§ SOURCE INFORMATION

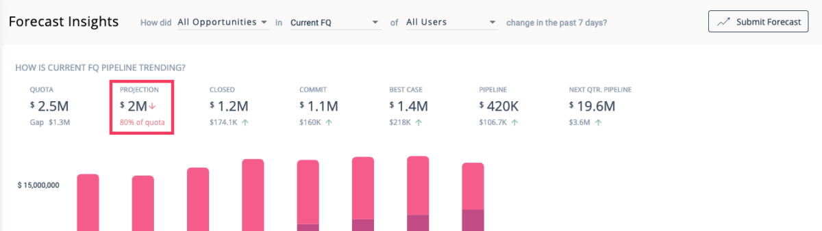 Sales leaders can use revenue projection to gain a clear perspective on what their projected revenue should look like, which can then be compared with the commit and best-case scenarios submitted by their teams and reps. This offers a vital insight when submitting forecasts as it enables them to hone in on which submissions have harmed forecasting accuracy in order to implement improvements for future quarters.
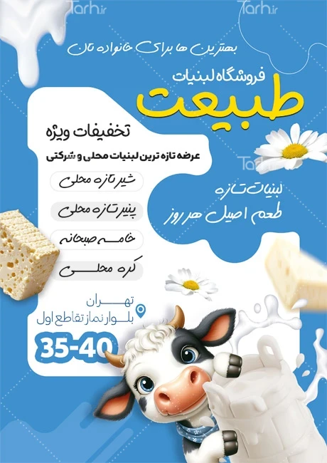طرح لایه باز تراکت سوپر لبنیاتی شامل وکتور گوساله کد فایل 7369214
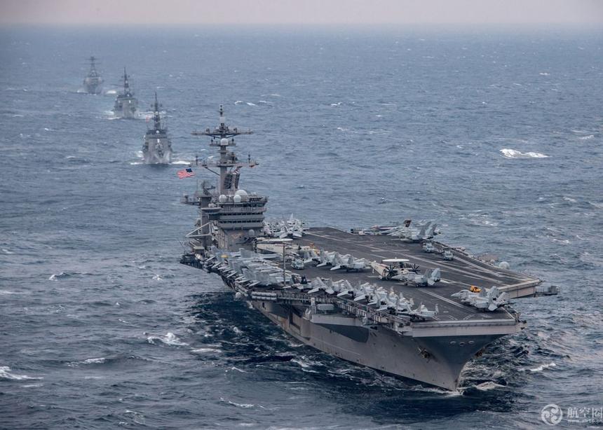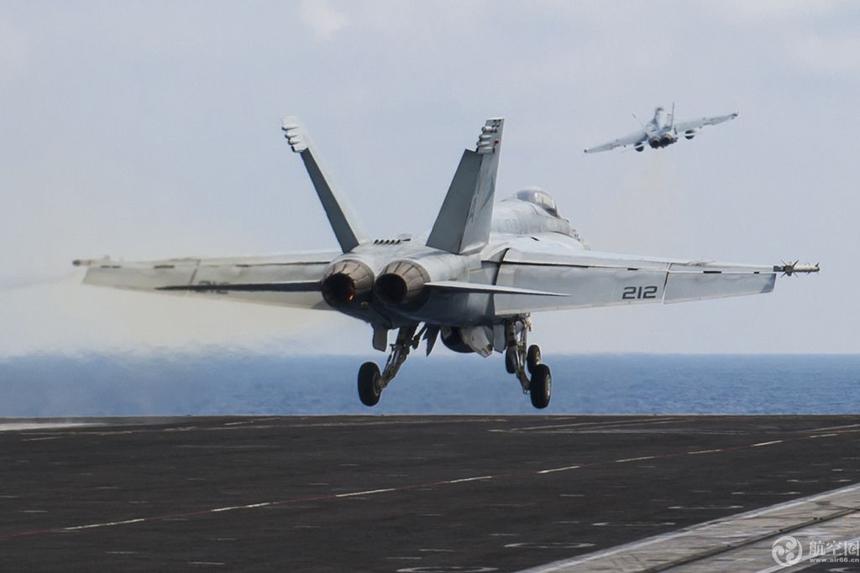 美國卡爾·文森號航母上一架F-18大黃蜂戰機墜毀
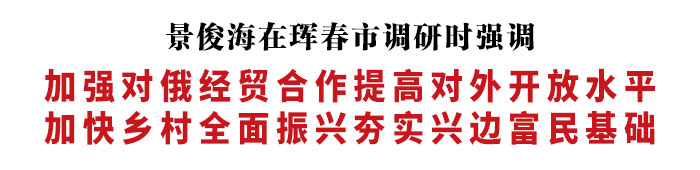 珲春地处中、俄、朝三国交界,是我省对外开放的重要窗口。景俊海深入一线调研,推动对俄经贸合作持续深化。他强调,中俄两国元首3月21日在莫斯科签署关于2030年前中俄经济合作重点方向发展规划的联合声明,为我省推进对俄经贸合作高质量发展提供了重大机遇。全省各级党委政府特别是延边州、珲春市要紧紧抓住中俄两国开展“东北—远东”地区互利合作重大契机,进一步深化与俄地方合作,着力加强互联互通,全面借港出海,大力发展海洋运输、陆海联运、铁海联运,持续提升经济贸易、能源利用、资源加工、海产品分销、农业种养等领域合作水平,为全面推进中俄双边合作贡献吉林力量。
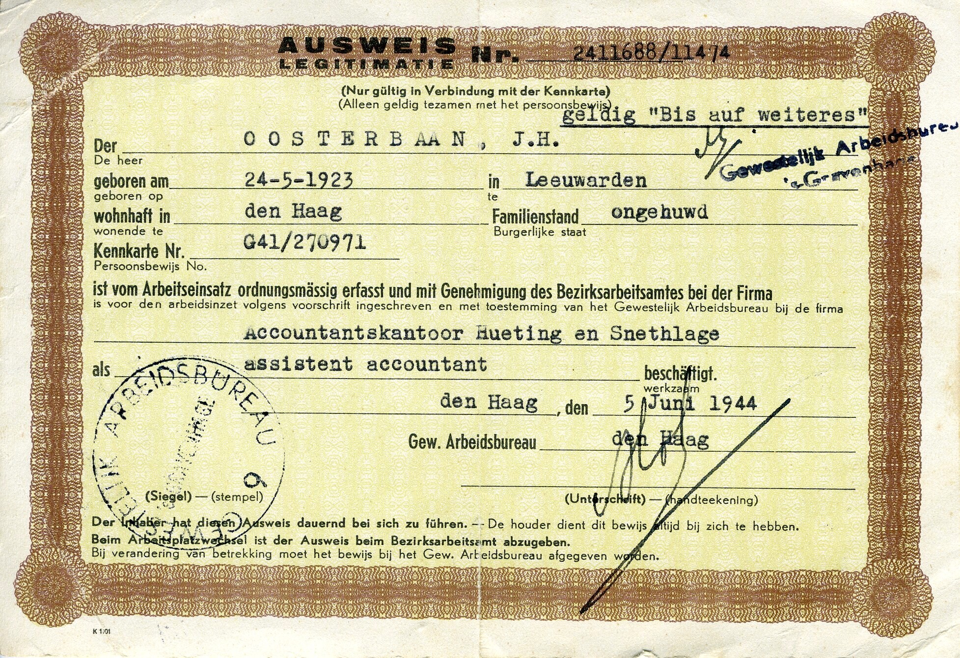 Een legitimatiebewijs afgegeven door het Gewestelijk Arbeidsbureau te Den Haag met datum 5 juni 1944 op naam van J.H. Oosterbaan geboren op 24 mei 1923 te Leeuwarden, wonende te Den Haag en werkzaam bij het accountantskantoor Hueting en Snethlage als assistent accountant.
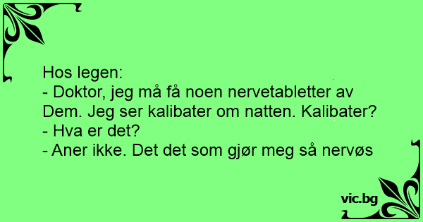 - Doktor, jeg må få noen nervetabletter av Dem. Jeg ser kalibater om natten. Kalibater?
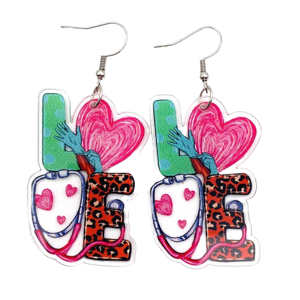 New Love Heart Acrylic Earrings NURSE Doctor Stethoscope Syringe Dangle Earrings for Women Nurse's Day Gift Jewelry
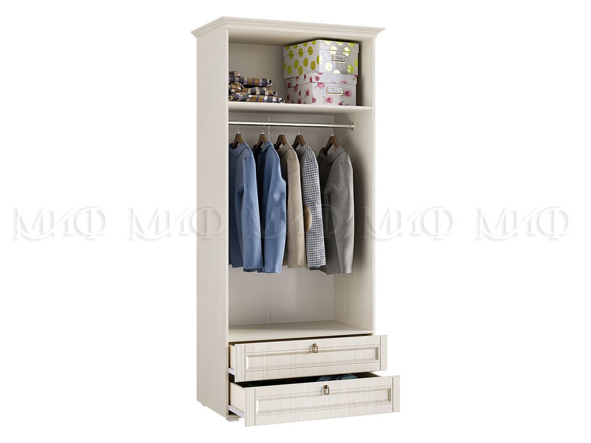 Элегантный двустворчатый шкаф с двумя вместительными выдвижными ящиками в основании и со штангой и антресольной полкой за двумя распашными дверцами, декорированными лаконичной фрезеровкой. В основании шкафа - низкие опоры. Карниз входит в комплект.
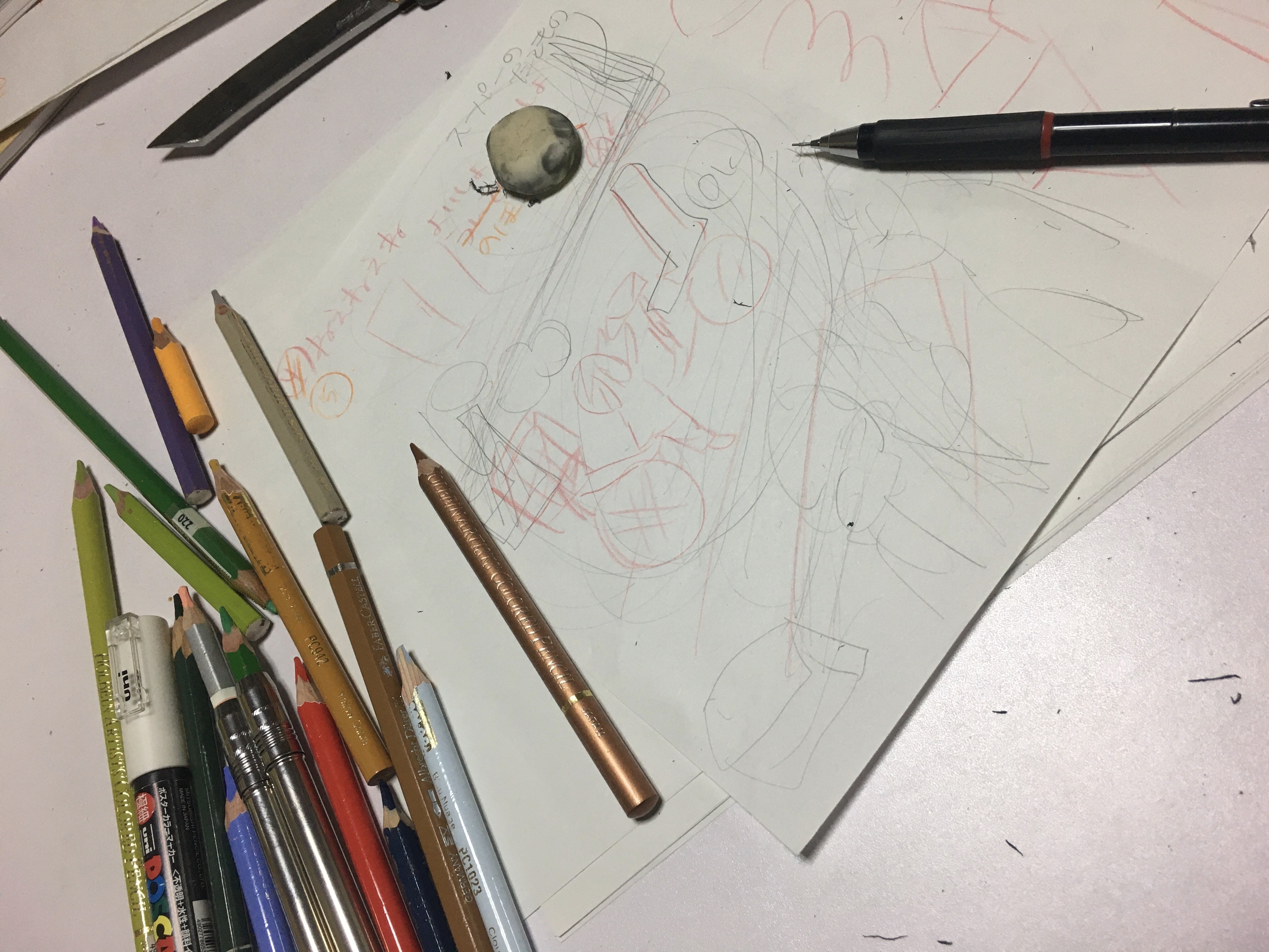 紙に描かれているのは、下書きのそのまた下書きですが、線の乱れが苦手さ加減を物語ってます
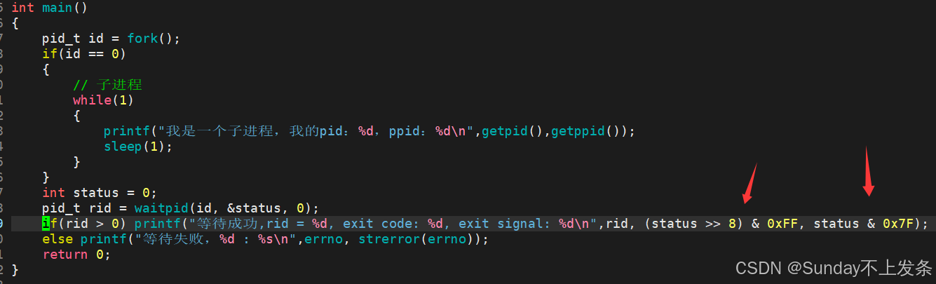 此时子进程会把自己的异常终止信号放在低7个比特位,通过 status & 0x7F 就可以获得status的低7个比特位。

§ EXERCISE OBJECTIVE
What you return must match, character for character, the lines above from the one with "- Doktor, jeg" through the one with "Элегантный двустворчатый шкаф", minus any pictures.

§ SOLUTION TO THIS EXERCISE
 - Doktor, jeg må få noen nervetabletter av Dem. Jeg ser kalibater om natten. Kalibater?
 New Love Heart Acrylic Earrings NURSE Doctor Stethoscope Syringe Dangle Earrings for Women Nurse's Day Gift Jewelry
 Элегантный двустворчатый шкаф с двумя вместительными выдвижными ящиками в основании и со штангой и антресольной полкой за двумя распашными дверцами, декорированными лаконичной фрезеровкой. В основании шкафа - низкие опоры. Карниз входит в комплект.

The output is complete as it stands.